Вот так однажды мы собирались снижаться с высоты 10100 в Чите. Обещалась посадка с прямой, самая простая и быстрая. Под нами висел борт на 9100, а сзади потихоньку догонял еще один, на 11100. Мы обогнали борт, летящий ниже, и рассчитывали, что к началу снижения между нами уже будет интервал 20 километров, достаточный для того, чтобы безопасно пересечь нижний эшелон. Заранее чуть добавили режим, и вроде все выходило по нашему плану: мы зайдем первыми, за нами — тот, на 9100, а уж потом тот, кто сзади и выше всех нас.

То ли вверху был более опытный экипаж, то ли ветер там был «попутнее» — но как раз к моменту начала нашего снижения верхний борт вдруг вперед нас запросил снижение, а Чита, к нашей полной неожиданности, не только не запретила, а наоборот, разрешила ему снижение с пересечением нашего эшелона. И мы, взглянув вверх, увидели, что однотипный уже обогнал нас на несколько километров и, резво увеличивая разрыв, пошел на снижение. По локатору его засветка уходила вперед: 12, 15, 18 километров… таки есть интервал!
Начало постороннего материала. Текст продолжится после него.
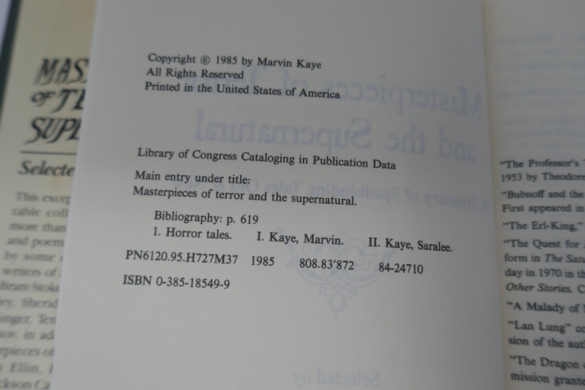 Masterpieces of Terror and the Supernatural by Marvin Kaye (1985, BCE) HCDJ

И он, пересекая нашу высоту, утер нам нос и сел первым. За ним снизили и завели борт, шедший ниже нас, потому что между нами было всего 10 километров, а это мало: надо 20. А мы, пока пропускали верхний борт, подошли к аэродрому слишком близко и с прямой уже не успевали: высоко. И пришлось нам, шедшим вроде первыми, выполнить полет по кругу и садиться последними.

А летчики уж так устроены, что в подобной ситуации стремятся надрать ближнего: то ли чтобы лишний раз доказать, что нечего рот разевать, то ли чтобы самим себе доказать, как мы «могем», то ли вместе то и другое.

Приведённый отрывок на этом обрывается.